Talk notes
Repository creation is a quietly leading indicator that most analysts ignore because it looks like noise on a daily granularity. On a 90-day rolling window, the pattern emerges clearly. Companies that are about to scale engineering hire the repos before the engineers. They scaffold the infrastructure first — the new microservice template, the deployment-pipeline repo, the schema-registry repo — and then they hire to fill it.
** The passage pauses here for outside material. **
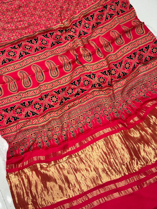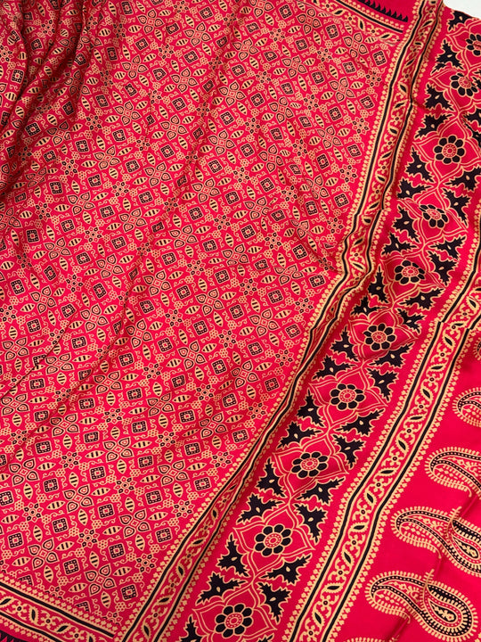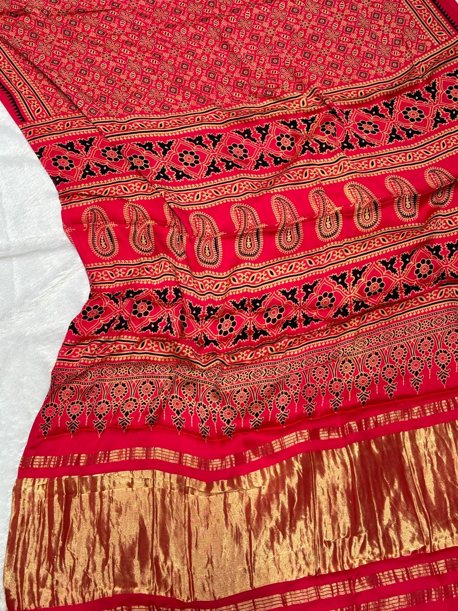 Pink Ajrakh Hand Block Modal Silk Saree With Zari Pallu

The infrastructure scaffold has a telltale signature. A scaffolding repo will have an initial commit by a senior engineer, a clean directory structure (no half-finished branches), comprehensive README, and very few subsequent commits in the first 30 days. It looks like a parking spot waiting for the team. Compare that to a real product repo, which shows messy iteration, rapid commit cadence, and feature branches multiplying. The scaffold pattern, when it appears in clusters of 3–5 across an org in a 90-day window, almost always precedes a publicly-announced hiring round by 30–60 days.
The most common false positive is fork-vendoring — companies that mirror 100 OSS dependencies for compliance or vendoring reasons. We filter this by requiring a non-zero commit count from non-bot authors within the first 60 days of repo creation. That single filter removes 87 percent of fork-noise without sacrificing real product-expansion signal.
The strongest composite is repo expansion combined with sustained commit velocity. An org that's both shipping faster (commit velocity z-score above 2.0) and creating new repos (3× expansion versus baseline) is almost always either pre-fundraise scaling or post-fundraise execution. Either way, it's worth watching.